Hematological malignancies complicating β-thalassemia syndromes: a single center experience

Abstract

TO THE EDITOR: Only few reports have addressed the occurrence of hematological malignancies in patients suffering from β-thalassemia. We herein report two patients with major and intermedia β-thalassemia who were complicated with Hodgkin's lymphoma and chronic myelogenous leukemia (CML) during the course of the disease, respectively. This report indicate that malignancies should be suspected and kept in mind in patients with β-thalassemia syndromes presenting with proposed signs and symptoms including unexplained lymphadenopathy, leukocytosis and splenomegaly. β-thalassemia major is a genetic hemoglobinopathy characterized by point mutations of β-globin chain resulting in accumulation and deposition of unpaired β-globin chains in red blood cell (RBC).

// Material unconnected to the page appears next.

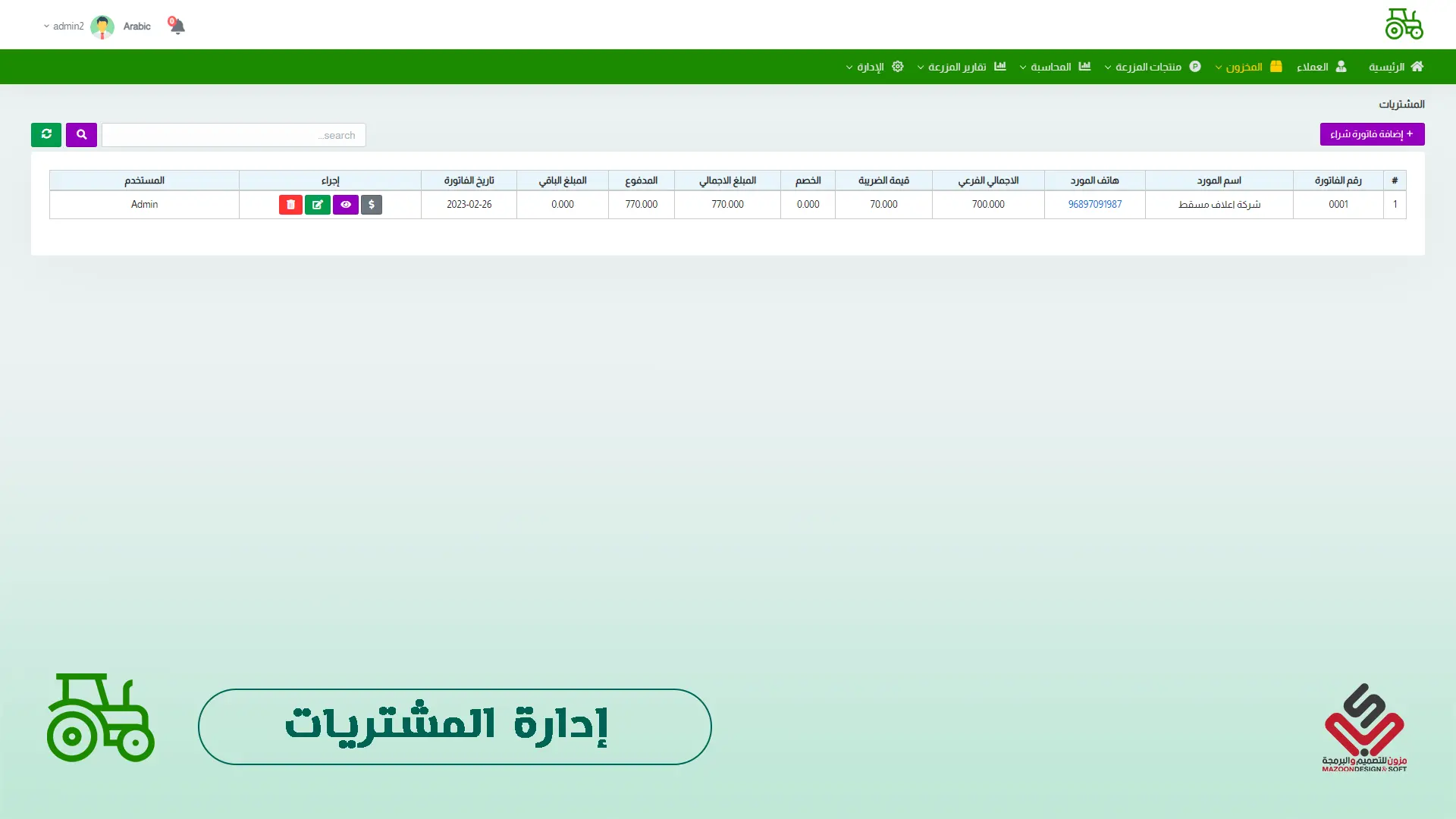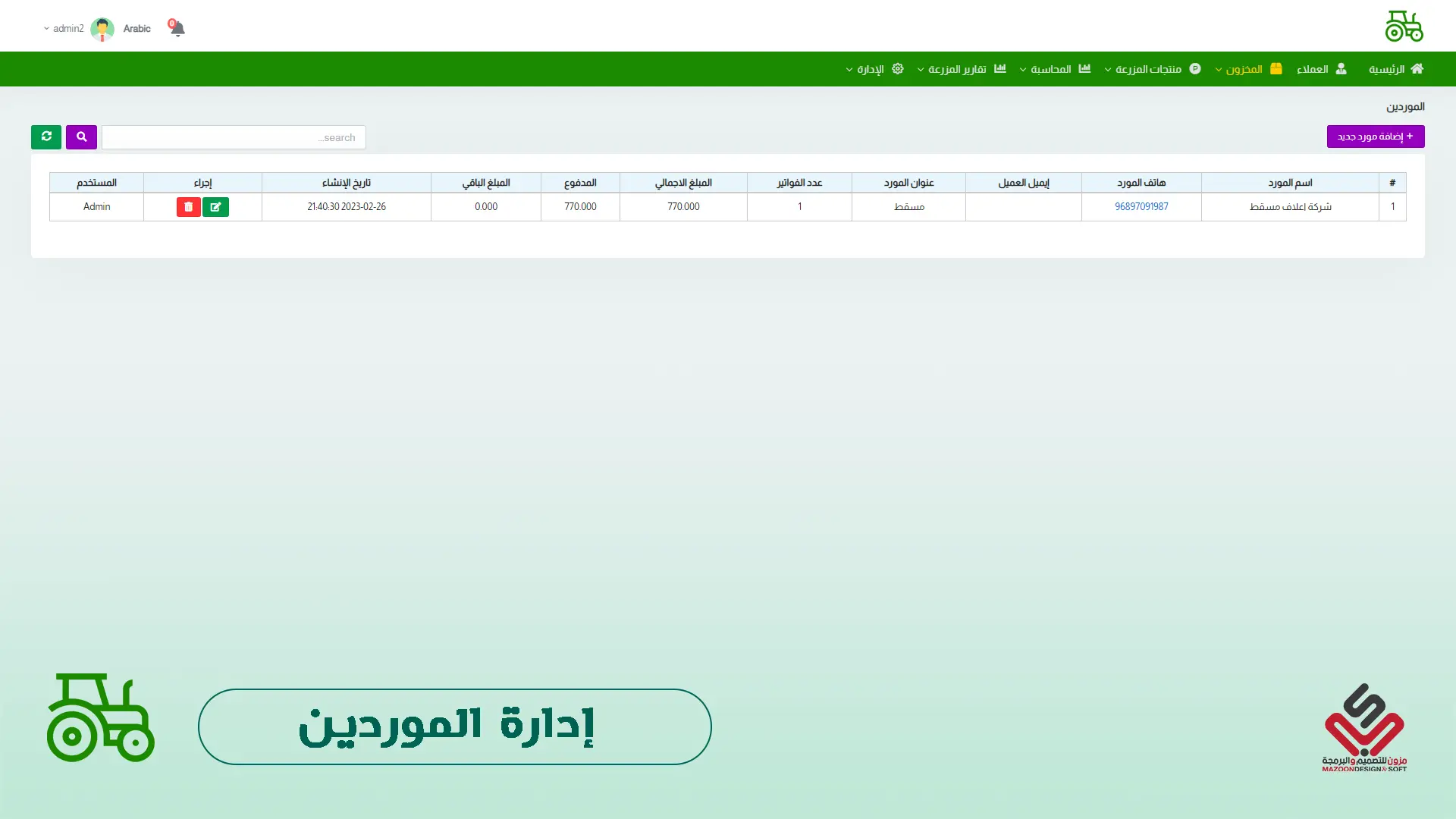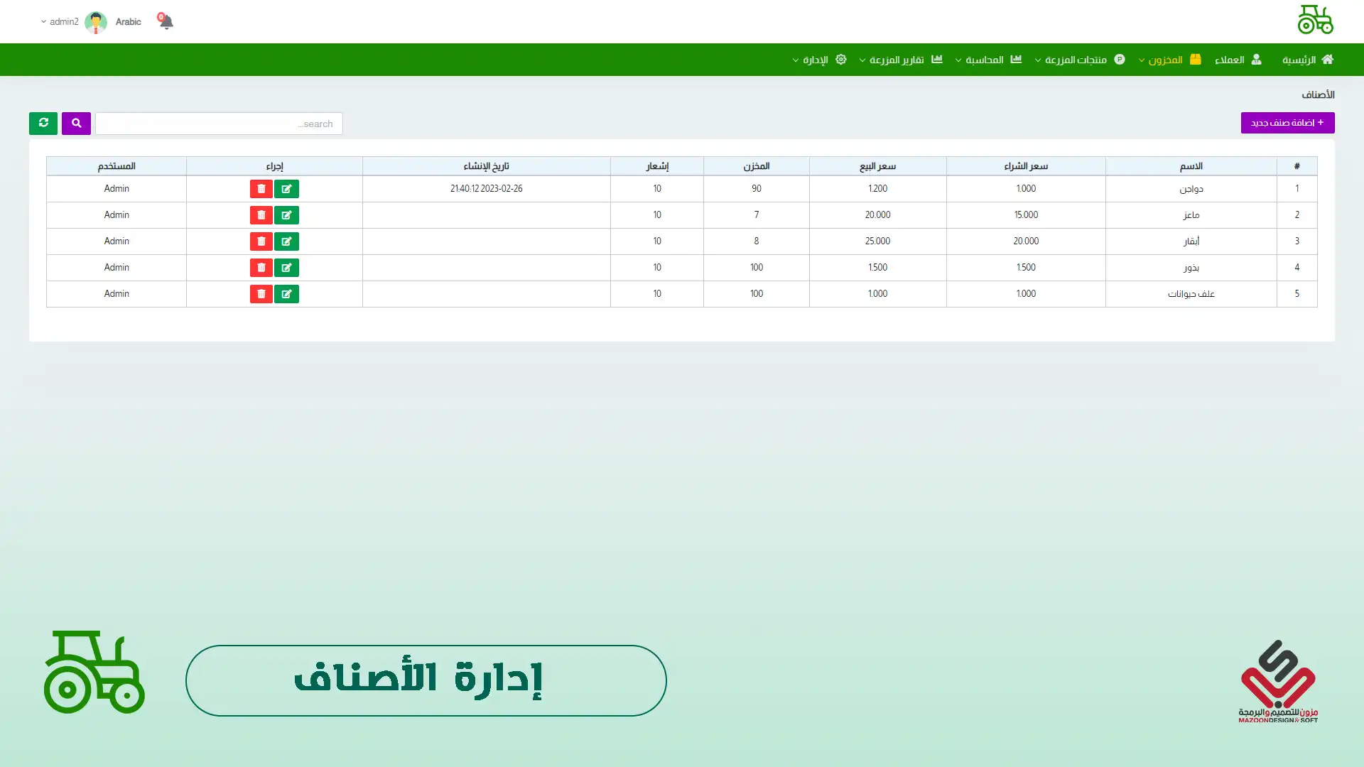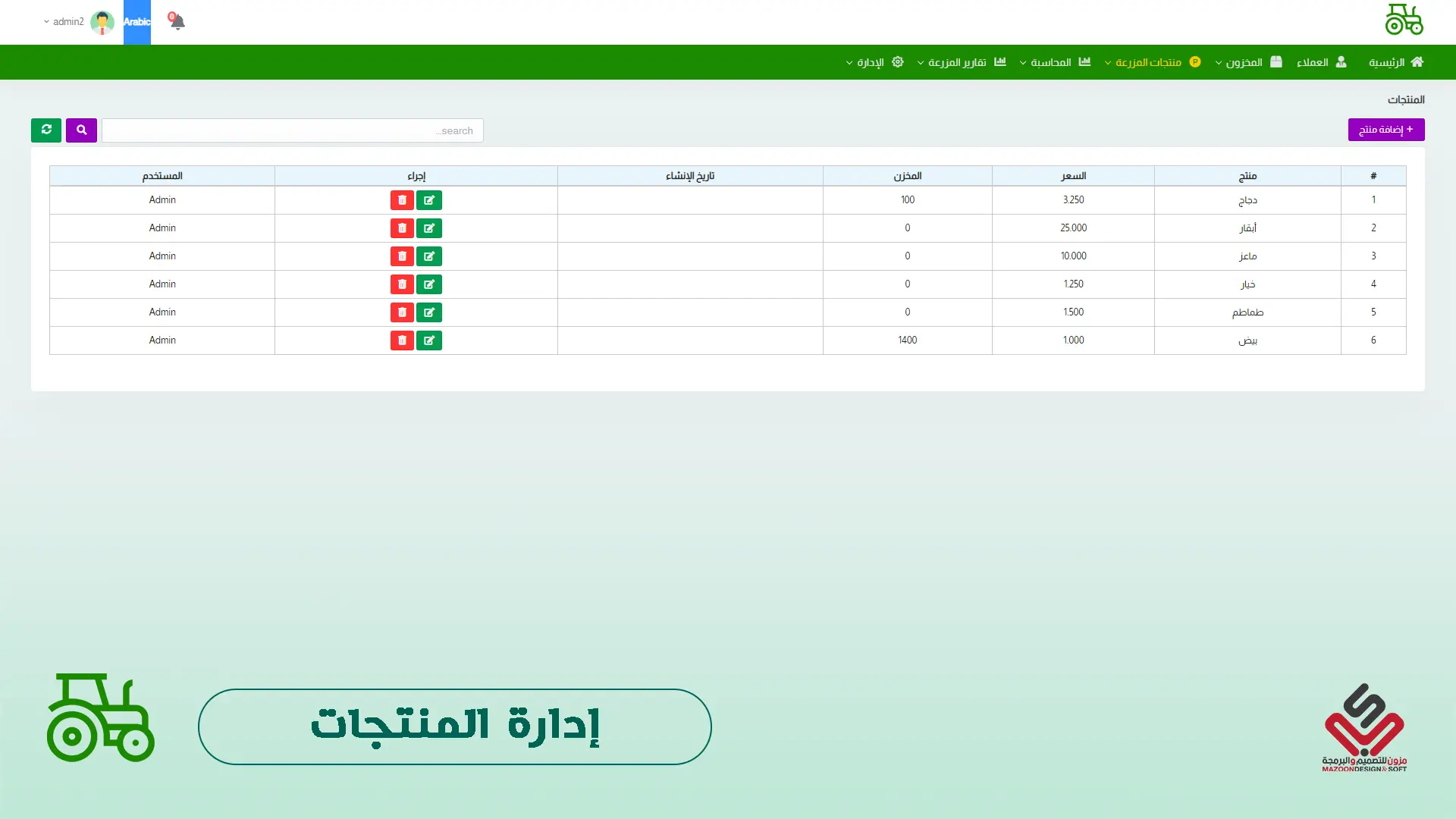 إضافة المنتجات من المزرعة مع الأسعار ، وإضافة مخزون من مشتريات الموردين مع معرفة العدد المتاح وسعر الشراء وسعر البيع مع التنبيهات لعدد معين، والنقص من المخزون في حالة البيع

This causes severe hemolysis and ineffective hematopoiesis leading to severe anemia [1]. Currently the availability of proper care and appropriate treatment strategies including regular transfusions, allogeneic stem-cell transplantation, inducers of fetal hemoglobin, and precise iron chelation therapy with desferrioxamine (DFO) and/or deferiprone (DFP) have resulted in increased life expectancy and quality of life of the patients suffering from β-thalassemia major [2-4]. This increased life span increases the possibility of occurrence of other diseases such as malignancies. Although, previously malignancies were considered rare in β-thalassemia patients, but currently the number of malignancies reported in thalassemic patients is increasing [5-9]. We herein, report two patients with β-thalassemia major and intermedia who developed Hodgkin's lymphoma and chronic myelogenous leukemia (CML) during the course of the disease.